The US economy has probably rarely been in worse shape. The federal government debt has hit 20 trillion dollars, nearly doubling under Barack Obama. Personal debt has reached historic highs. The US trade deficit reached 736 billion dollars in 2015. That means it imported 736 billion dollars more products than it exported. products that it could have produced itself.
The Federal Reserve supported Obama politically by keeping interest rates at record low levels of 0% since 2008 preventing an even greater recession.
No sooner is Donald Trump elected than that same Federal Reserve starts increasing the interest rate with a plan to hike it to 3 to 4 % although the core economic data remain desolate. A stock market rally is not core economic data.
Yet Trump’s Treasury pick, a foreclosure king and Goldman Sachs banker, has said he supports the Federal Reserve and its plans to increase interest rates, spinning it as supporting “independence.” The Fed is actually working for Goldman Sachs and Wall Street to increase their profits and capacity to foreclose on bankrupt assets.
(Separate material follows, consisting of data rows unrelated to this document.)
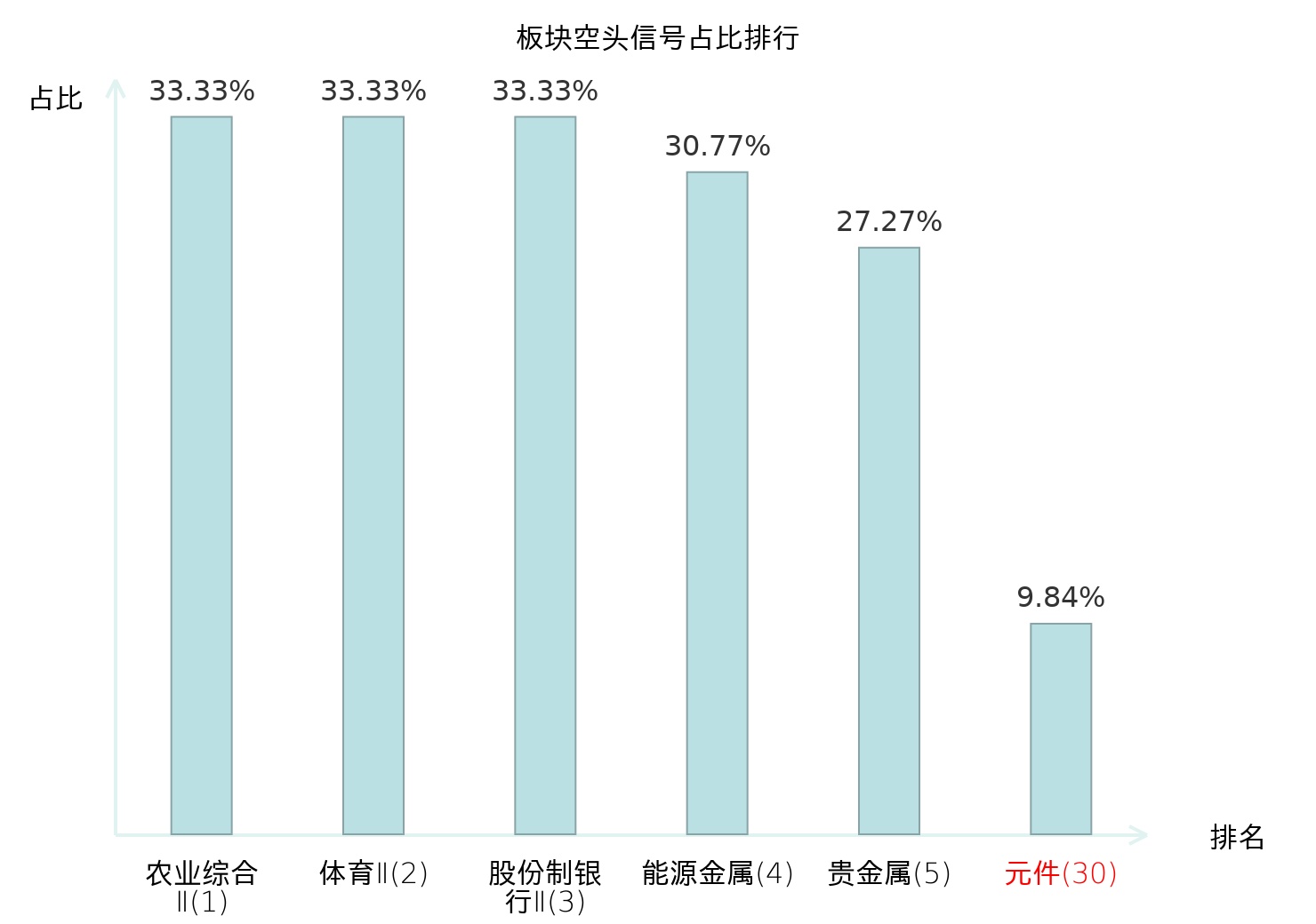 全市场所有行业板块中主力空头信号占比排名中,农业综合Ⅱ板块位居第一。出版板块名次提升最快,较昨日上升115位。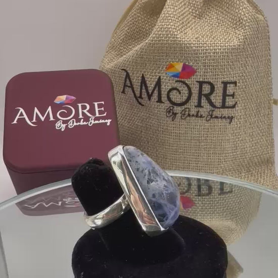 Al ritmo lento del tiempo… nace una elegancia que trasciende lo visible. Este majestuoso anillo de agata negra y azul, montado a mano en plata 925, nace de la naturaleza y florece en tu belleza interior. |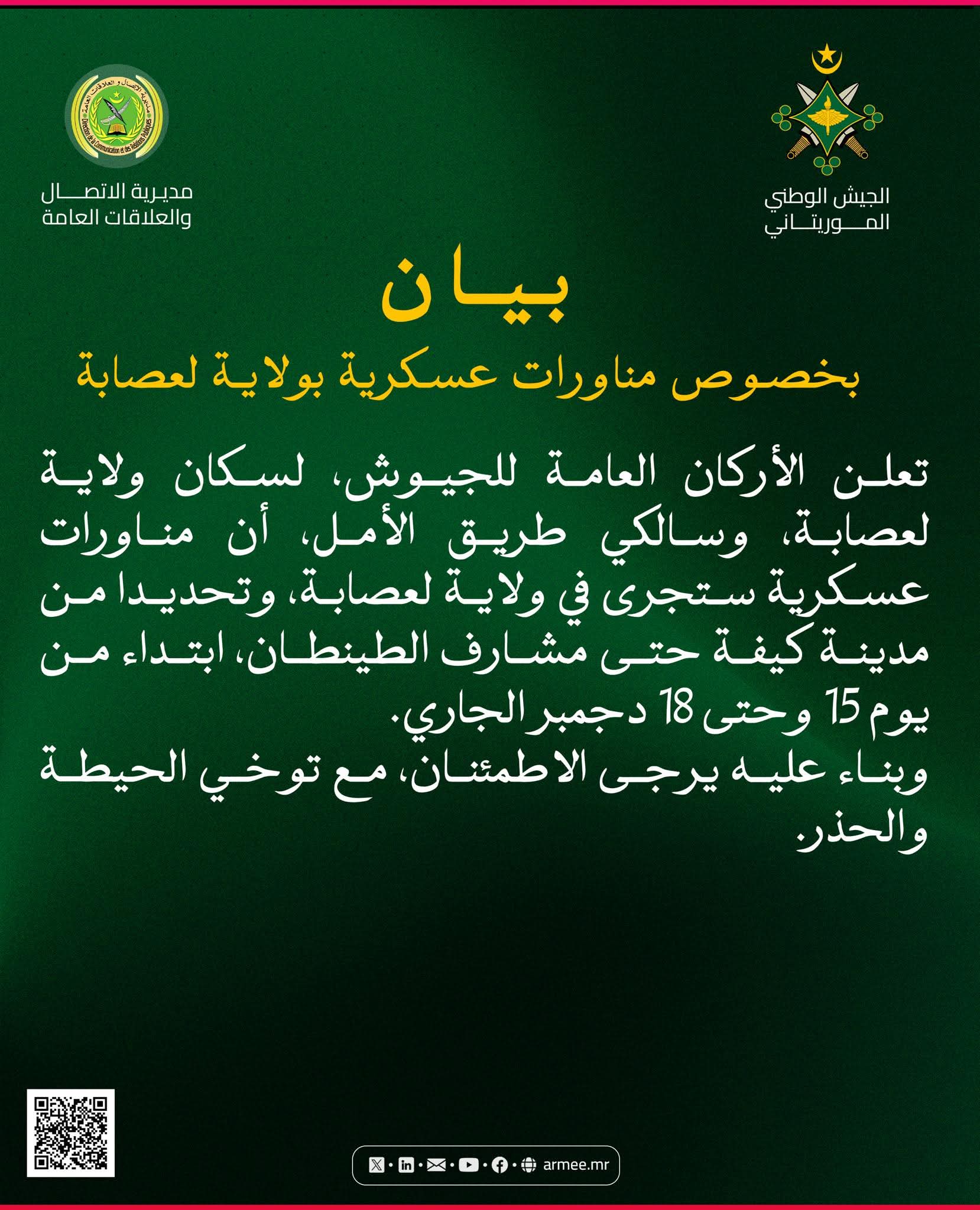 ودعت الأركان سكان المنطقة، وخاصة مستعملي طريق الأمل، إلى توخي الحيطة والحذر، مؤكدة أن هذه المناورات تدخل في إطار الجهود التدريبية الدورية، ولا تستدعي القلق، ومطمئنة الجميع بأن الإجراءات اللازمة قد اتُخذت لضمان السلامة.

The private bankers like Mnuchin are the only ones who will benefit from these punishing interest rate increases in the middle of a great depression.
U.S. Treasury Secretary nominee Steven Mnuchin isn’t jumping on the Republican bandwagon to audit the Fed.
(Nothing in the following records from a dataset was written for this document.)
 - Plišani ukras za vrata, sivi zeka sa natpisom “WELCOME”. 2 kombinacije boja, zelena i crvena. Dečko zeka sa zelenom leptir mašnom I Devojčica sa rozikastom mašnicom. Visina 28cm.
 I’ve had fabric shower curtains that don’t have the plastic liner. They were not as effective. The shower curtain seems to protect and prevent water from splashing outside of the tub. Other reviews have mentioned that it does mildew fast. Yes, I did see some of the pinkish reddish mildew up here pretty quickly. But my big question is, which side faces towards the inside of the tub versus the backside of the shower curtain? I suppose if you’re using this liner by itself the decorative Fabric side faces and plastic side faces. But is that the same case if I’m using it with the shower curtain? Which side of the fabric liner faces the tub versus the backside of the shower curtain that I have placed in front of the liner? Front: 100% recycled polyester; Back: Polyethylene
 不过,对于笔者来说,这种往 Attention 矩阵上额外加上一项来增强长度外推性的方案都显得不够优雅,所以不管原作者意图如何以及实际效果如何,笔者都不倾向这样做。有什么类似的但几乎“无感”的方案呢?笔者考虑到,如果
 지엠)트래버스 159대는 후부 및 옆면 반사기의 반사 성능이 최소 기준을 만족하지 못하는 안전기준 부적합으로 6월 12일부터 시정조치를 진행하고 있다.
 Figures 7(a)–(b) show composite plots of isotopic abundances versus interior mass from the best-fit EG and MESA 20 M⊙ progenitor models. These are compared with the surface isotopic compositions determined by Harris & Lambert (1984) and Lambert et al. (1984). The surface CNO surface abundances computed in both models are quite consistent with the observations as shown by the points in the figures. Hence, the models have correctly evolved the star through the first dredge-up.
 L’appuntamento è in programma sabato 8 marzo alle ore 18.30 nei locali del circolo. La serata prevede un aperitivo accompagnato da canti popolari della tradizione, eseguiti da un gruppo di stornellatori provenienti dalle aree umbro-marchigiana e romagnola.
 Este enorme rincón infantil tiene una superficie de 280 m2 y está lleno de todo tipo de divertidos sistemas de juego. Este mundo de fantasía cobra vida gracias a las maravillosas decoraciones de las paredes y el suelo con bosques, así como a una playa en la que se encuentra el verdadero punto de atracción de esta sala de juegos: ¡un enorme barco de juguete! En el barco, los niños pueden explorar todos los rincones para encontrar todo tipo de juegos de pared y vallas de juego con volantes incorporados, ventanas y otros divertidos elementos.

In written questions by senators following his confirmation hearing on Thursday, Mnuchin was asked about his thoughts on “politicizing decisions made by the Federal Reserve Board of Governors and the benefits of an independent central bank.”
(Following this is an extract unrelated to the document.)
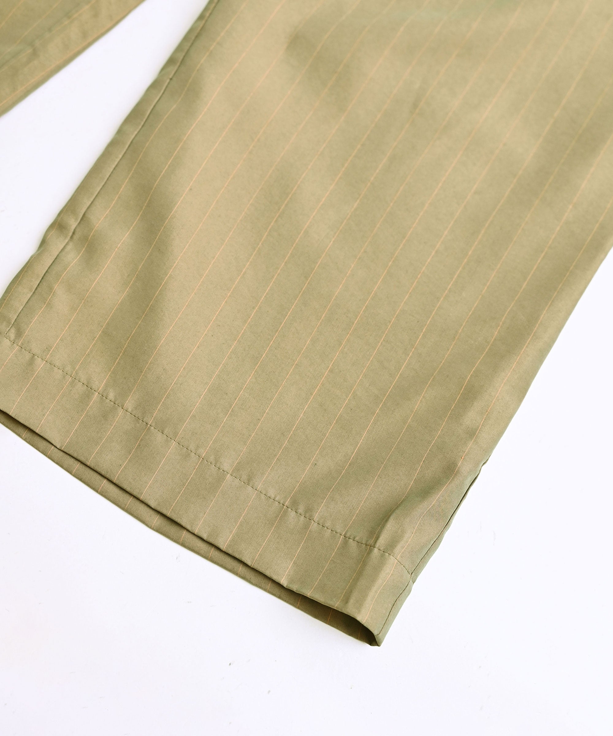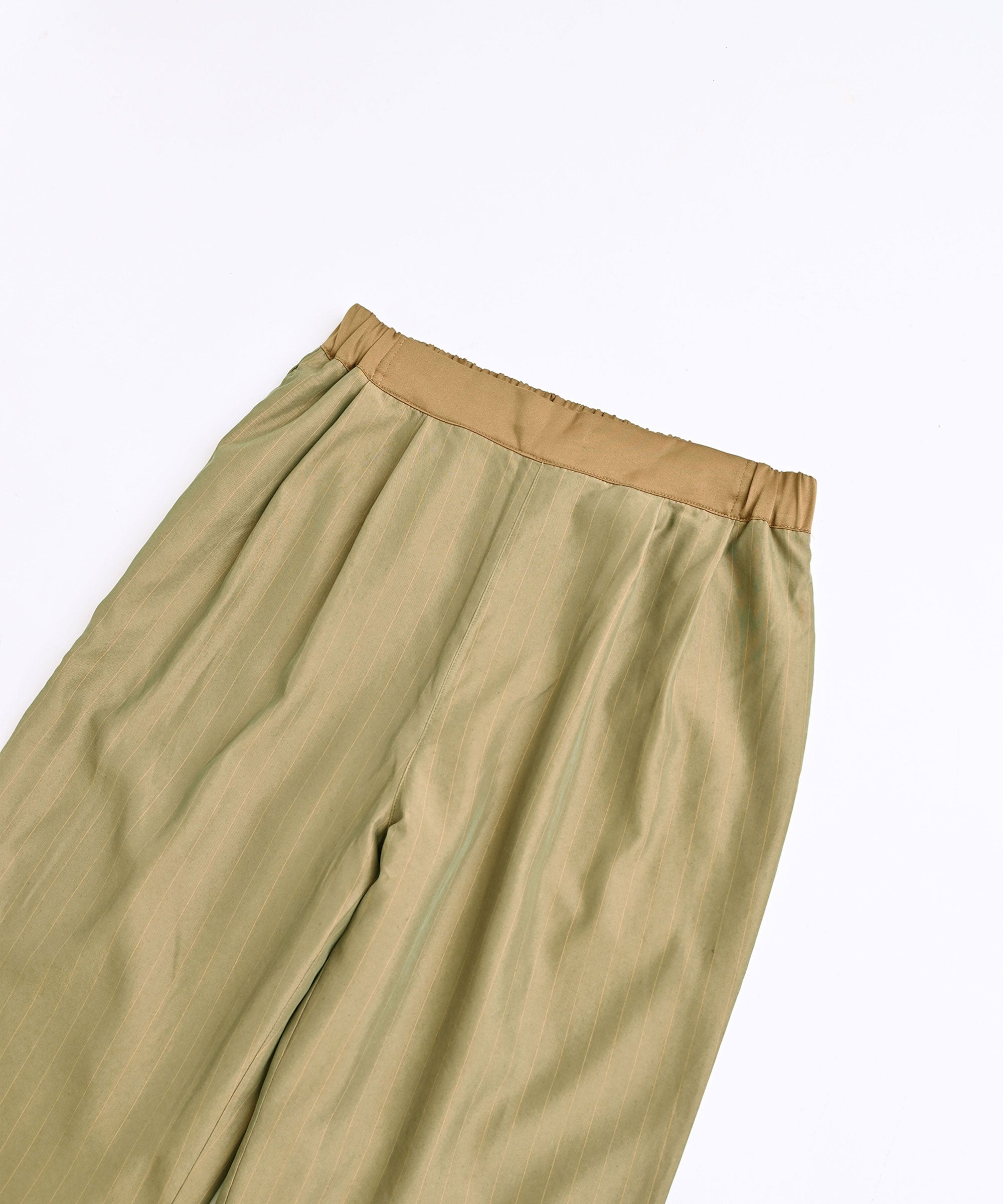 2種類の糸を使用したシャンブレー生地で作ったパンツ。

Mnuchin’s answer was crafted carefully.
“The Federal Reserve is organized with sufficient independence to conduct monetary policy and open market operations,” Mnuchin responded to Senator Bill Nelson, a Florida Democrat. “I endorse the increased transparency we have seen from the Federal Reserve Board over recent years.”
The response appears to lean against legislation such as the Fed Oversight Reform and Modernization Act of 2015, or FORM Act, which was introduced in the House of Representatives but never became law, that would have subjected the central bank’s monetary policy decisions to greater congressional scrutiny.